EXERCISE GOAL -
Using the entries that follow, transcribe only the lines from the line with "Gulabi Glow Handblock" to the line with "R. Watson presents", both included, exactly as they stand and without pictures.

··· RECORDS FOR THE TASK

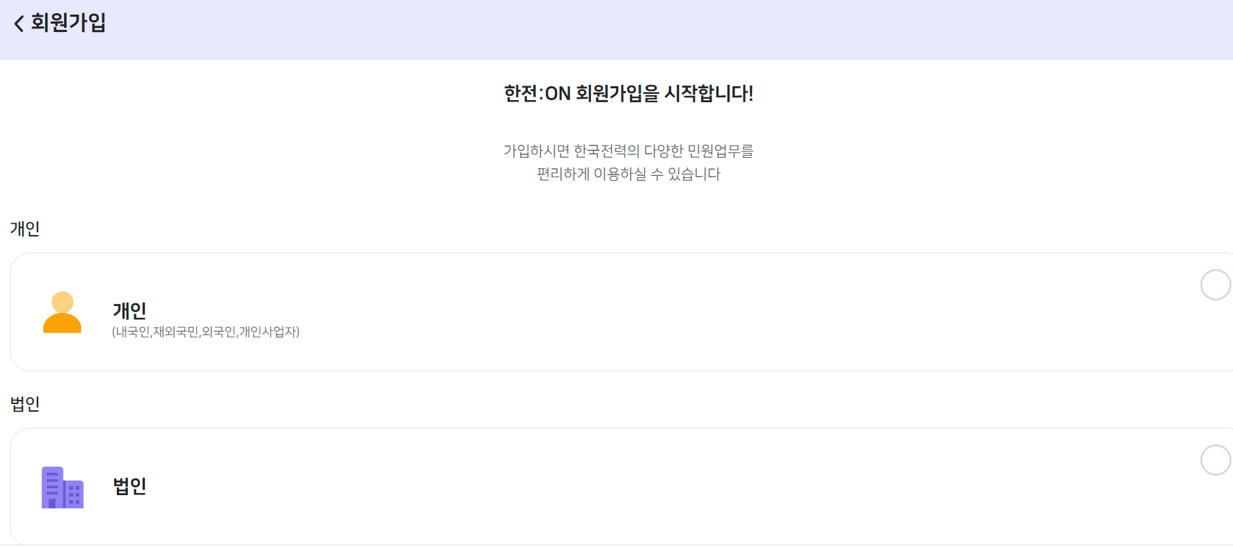 | 회원가입 로그인 | 개인또는 법인선택 | 가입대상 선택 | 회원 상세내용입력 |
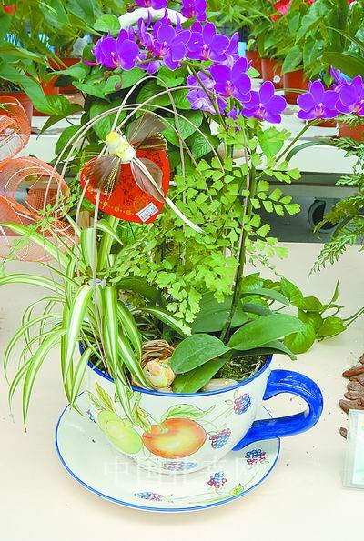 思念:茶杯造型的盆器似乎成了今年的流行,无论是桌面摆放的小形茶杯,还是制作组合盆栽的大茶杯,在市场的任何角落都能吸引消费者的眼球,作品寓意对家人的无限思念,祝愿家人身体健康。
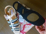 新緑の季節、お散歩に最高!そろそろサンダルの出番ですよ手にした瞬間、余りの軽さにびっくり!思わず量ってみたら、片足なんと200g!!パッチン止めですが、左右のゴムが延びるので外すことなく履けますかかと部分のクッションが優しくあたり、靴擦れを防ぐので、ガンガン歩いてもバンドエイドのお世話になる… 2016/05/08
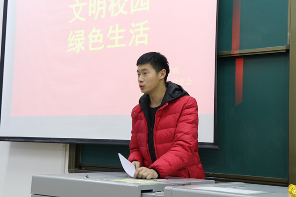 12月17日中午,学前教育学院于学前楼6004召开“文明校园,绿色生活”副书记恳谈会。基层团委学生会骨干参与了本次会议,学生会副主席张宇担任本次会议主讲人。
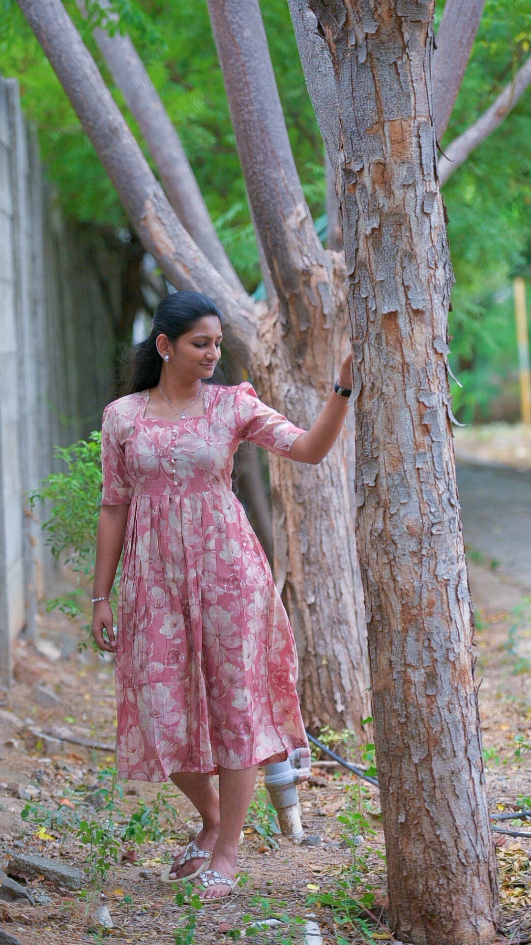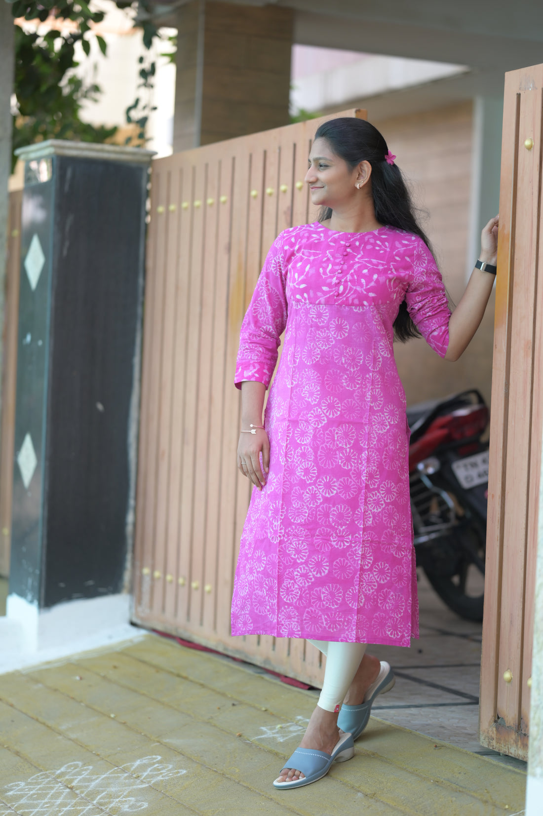 Gulabi Glow Handblock Kurti 1926 Add a pop of vibrant elegance to your everyday wardrobe...
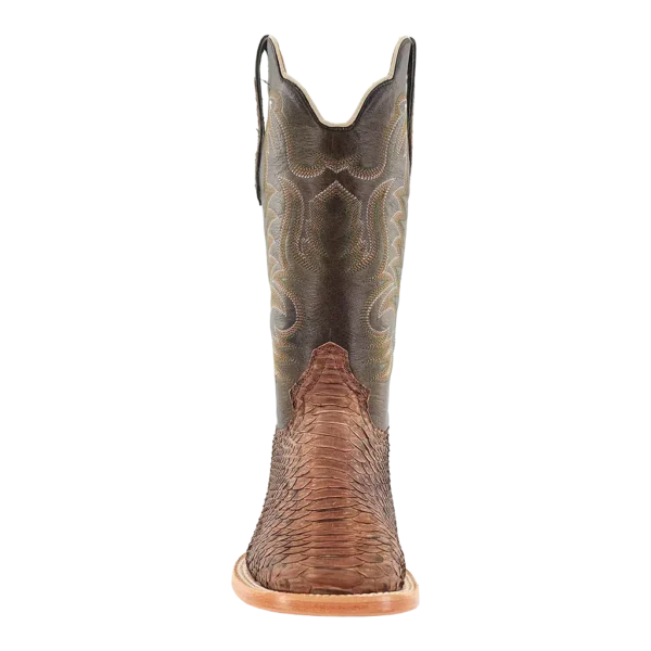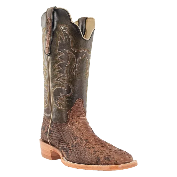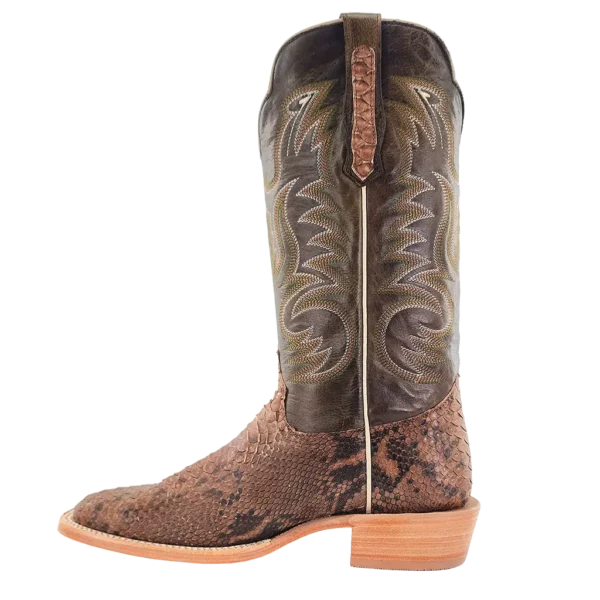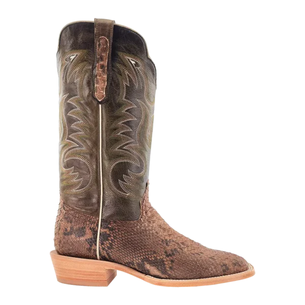 R. Watson presents these back cut python and cowhide exotic western boots. These boots have a 10 row stitch pattern, R. Watson comfort system, all leather stacked heel, counters, solid steel shank, and 10 iron outsole. 13" total in height.
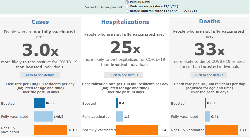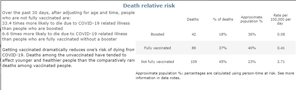 The data (the only actual data on the page!) shows vaccinated people make up 55% of deaths, and that ‘30x’ protection we saw above has dropped to 6.6x. Yet with another round of data ‘adjusting’ and moving the goalposts (again), the county makes it seem as if the vaccines are working.
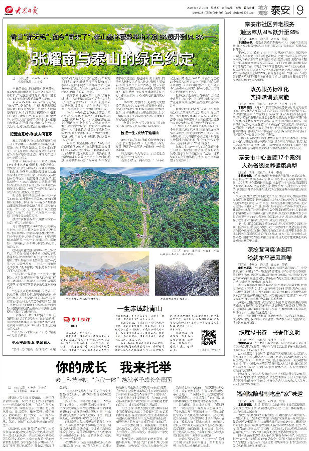 从不足2%到94.8%,从“赤无毛”到“青未了”,泰山的每一片绿,都藏着张耀南与泰山的绿色约定和一生坚守。在激情燃烧的岁月,他放弃正厅级职务,扎根泰山十余年,溜绳下崖、踏遍青山,用“做大事、不求做大官”的誓言,带领林业人把荒山变林海。那些栽下的树苗,如今已成参天大树,也成为刻在泰山上的精神丰碑。
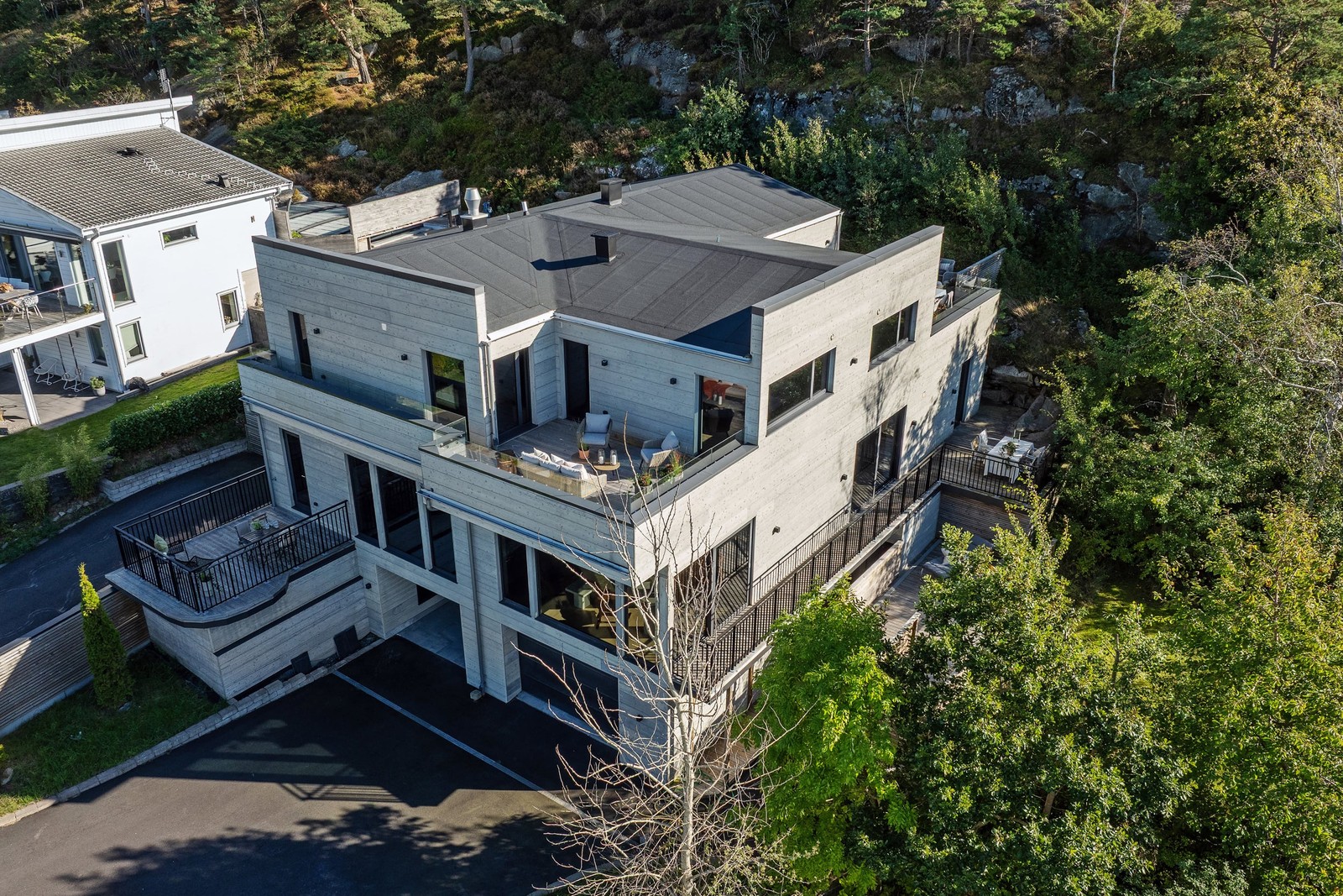 Den privata uppfarten är asfalterad och kantad av ljusa stenar. Ner till höger finns en stor yta framför garaget och entrén till sluttningsplanet. Till vänster fortsätter uppfarten upp mot huvudentrén. En svagt sluttande trappa i asfalt och sten går parallellt och slutar vid en trätrappa upp till trädäcket som löper runt villans hörn.
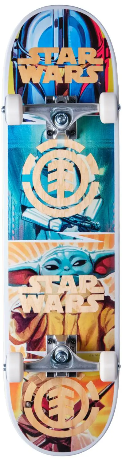 Join forces with the collaboration between Element Skateboards and Star Wars with a complete skateboard. The graphic elements are taken from the cult tv-series The Mandalorian with the adorable Yoda Child.
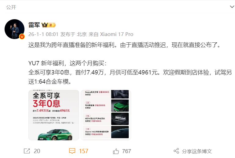 2026年1月1日,雷军在其微博发文称:“这是我为跨年直播准备的新年福利。由于直播活动推迟,现在就直接公布了。 YU7 新年福利,这两个月购买, 全系可享3年0息,首付7.49万,月供可低至4961元。欢迎假期到店体验,试驾另送1:64合金车模。”
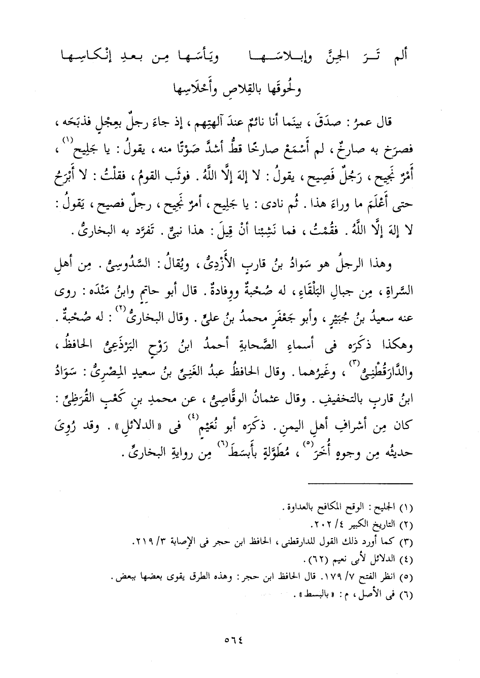 وَهَذَا الرَّجُلُ هُوَ سَوَادُ بْنُ قَارِبٍ الْأَزْدِيُّ، وَيُقَالُ: السَّدُوسِيُّ مِنْ أَهْلِ السَّرَاةِ مِنْ جِبَالِ الْبَلْقَاءِ لَهُ صُحْبَةٌ، وَوِفَادَةٌ قَالَ أَبُو حَاتِمٍ، وَابْنُ مَنْدَهْ: رَوَى عَنْهُ سَعِيدُ بْنُ جُبَيْرٍ، وَأَبُو جَعْفَرٍ مُحَمَّدُ بْنُ عَلِيٍّ، وَقَالَ الْبُخَارِيُّ: لَهُ صُحْبَةٌ، وَهَكَذَا ذَكَرَهُ فِي أَسْمَاءِ الصَّحَابَةِ أَحْمَدُ بْنُ رَوْحٍ الْبَرْذَعِيُّ الْحَافِظُ والدَّارَقُطْنِيُّ وَغَيْرُهُمَا، وَقَالَ الْحَافِظُ عَبْدُ الْغَنِيِّ بْنُ سَعِيدٍ الْمِصْرِيُّ: سَوَادُ بْنُ قَارِبٍ بِالتَّخْفِيفِ، وَقَالَ عُثْمَانُ الْوَقَّاصِيُّ عَنْ مُحَمَّدِ بْنِ كَعْبٍ الْقُرَظِيِّ: كَانَ مِنْ أَشْرَافِ أَهْلِ الْيَمَنِ ذَكَرَهُ أَبُو نُعَيْمٍ فِي الدَّلَائِلِ، وَقَدْ رُوِيَ حَدِيثُهُ مِنْ وُجُوهٍ أُخَرَ مُطَوَّلَةٍ بِأَبْسَطَ مِنْ رِوَايَةِ الْبُخَارِيِّ.
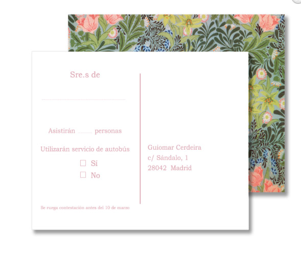 Si no queremos que falte ni un solo detalle en nuestra boda, no tiene sentido descuidar la comunicación. Por protocolo, sería conveniente enviar una tarjeta aparte de la invitación para que los invitados puedan confirmar o rechazar la invitación. Estas tarjetas se conocen también con el acrónimo en francés RSVP (Répondez s’il vous plaît). En la tarjeta, podremos incluir dos casillas junto a NO y SÍ para que nuestros invitados puedan confirmar la invitación. Por cortesía, sugerimos enviar también un sobre a juego con la tarjeta de respuesta, con sello, para facilitarles a los invitados el envío de su contestación.
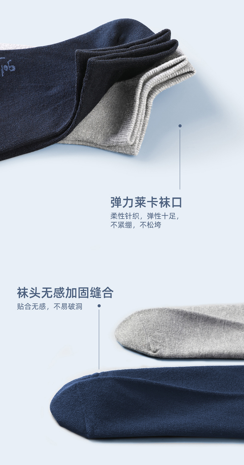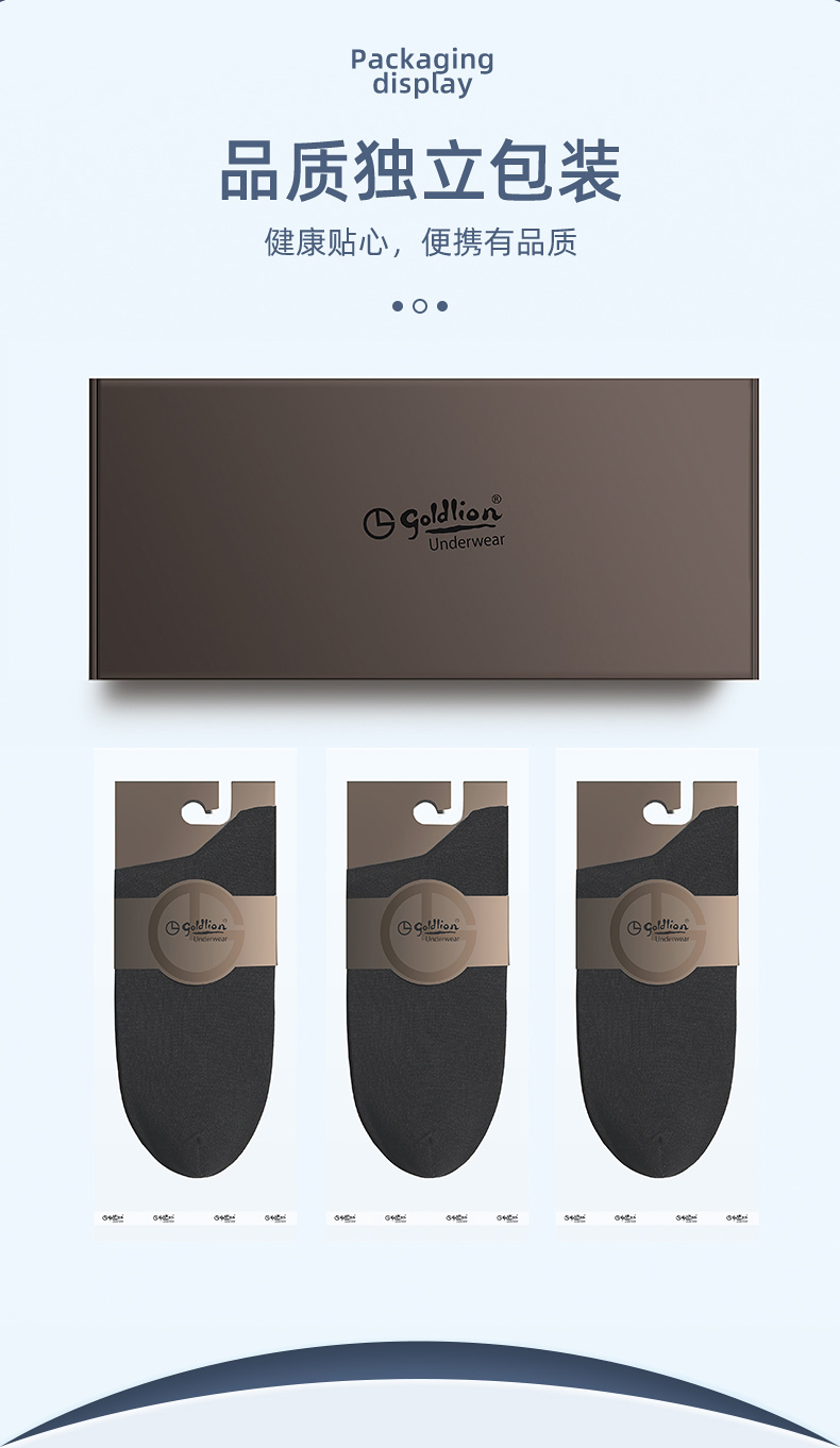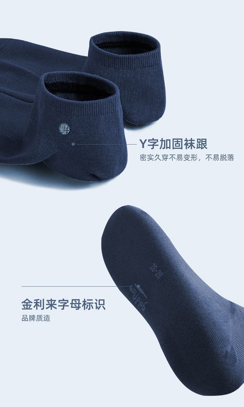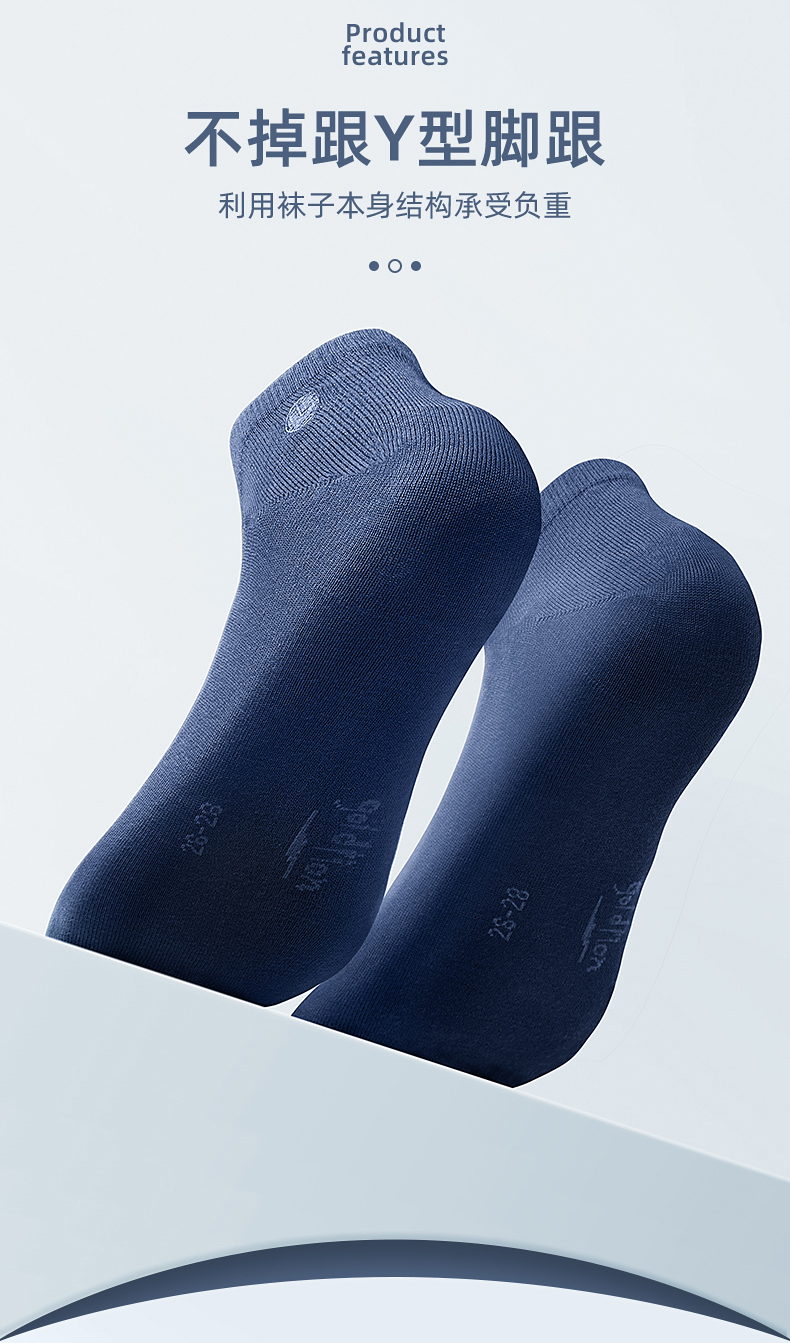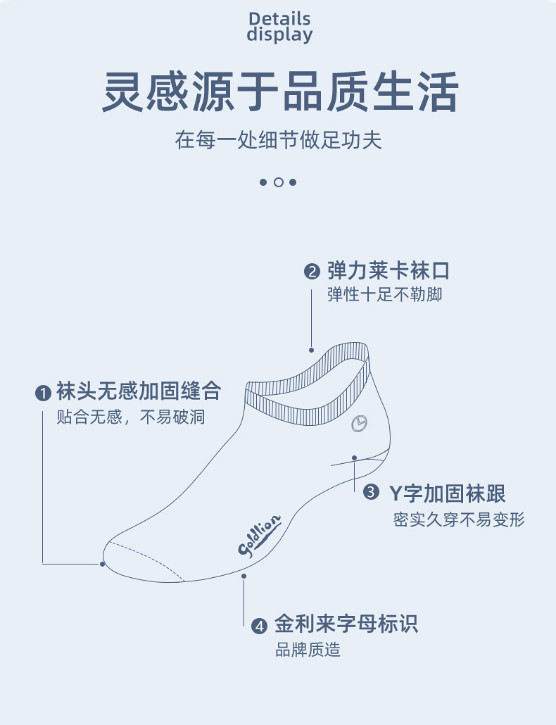设计上也是按照高端品质男袜来做的,无凸手工缝合袜头,平整无摩擦力,莱卡弹力袜口,舒适不勒且不下滑,后跟做成3D立体Y跟,贴合脚后跟,牢固度好,不易掉。

······

THE ANSWER -
 Gulabi Glow Handblock Kurti 1926 Add a pop of vibrant elegance to your everyday wardrobe...
 R. Watson presents these back cut python and cowhide exotic western boots. These boots have a 10 row stitch pattern, R. Watson comfort system, all leather stacked heel, counters, solid steel shank, and 10 iron outsole. 13" total in height.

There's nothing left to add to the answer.